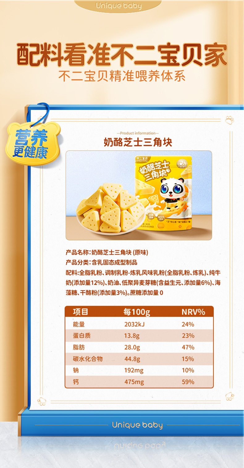 Fujibaby Cheese Triangular Blocks Children's Nutritional Healthy Snacks High Calcium High Protein Added Prebiotics
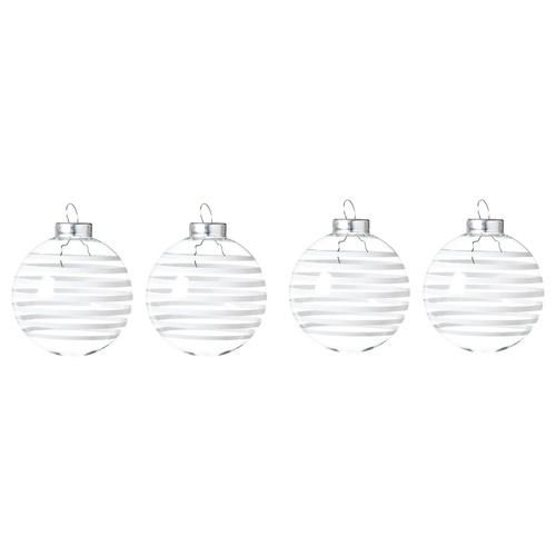 VINTERFINT ヴィンテルフィント コレクションでは、いろいろなタイプのクリスマスツリーオーナメントを取りそろえています。 このホワイトのストライプ柄のガラス製オーナメント4個セットは、エレガントな雰囲気をツリーにプラスします
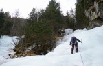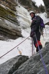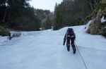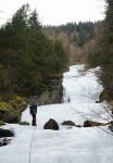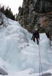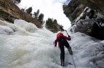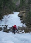 Javila sta se namreč Zoran in Iva in prišla v petek zvečer na pico in pivo, v soboto pa smo se navsezgodaj zapeljali v dolino Malte, kjer naj bi bile še vedno dobre razmere. Izbrali smo si smer Strannerbach (WI3, 500 m), ki je pravzaprav eden od mnogih potokov, ki se stekajo po strmih pobočjih nad dolino. Večinoma gre za lažje plezanje, z nekaj lepimi skoki, ravno prav tudi za začetnika, kot sem jaz. Tudi razmere so bile dobre, kljub dokaj visokim temperaturam, sploh v spodnjem delu, zgoraj je bilo pa že čedalje več vode. Razen tega pa precej nenavadno vzdušje, saj je bilo izven potoka vse zeleno.

* Description of the task:
This exercise asks for the data above to be given again exactly, without pictures.

* Finished task:
 Fujibaby Cheese Triangular Blocks Children's Nutritional Healthy Snacks High Calcium High Protein Added Prebiotics
 VINTERFINT ヴィンテルフィント コレクションでは、いろいろなタイプのクリスマスツリーオーナメントを取りそろえています。 このホワイトのストライプ柄のガラス製オーナメント4個セットは、エレガントな雰囲気をツリーにプラスします
 Javila sta se namreč Zoran in Iva in prišla v petek zvečer na pico in pivo, v soboto pa smo se navsezgodaj zapeljali v dolino Malte, kjer naj bi bile še vedno dobre razmere. Izbrali smo si smer Strannerbach (WI3, 500 m), ki je pravzaprav eden od mnogih potokov, ki se stekajo po strmih pobočjih nad dolino. Večinoma gre za lažje plezanje, z nekaj lepimi skoki, ravno prav tudi za začetnika, kot sem jaz. Tudi razmere so bile dobre, kljub dokaj visokim temperaturam, sploh v spodnjem delu, zgoraj je bilo pa že čedalje več vode. Razen tega pa precej nenavadno vzdušje, saj je bilo izven potoka vse zeleno.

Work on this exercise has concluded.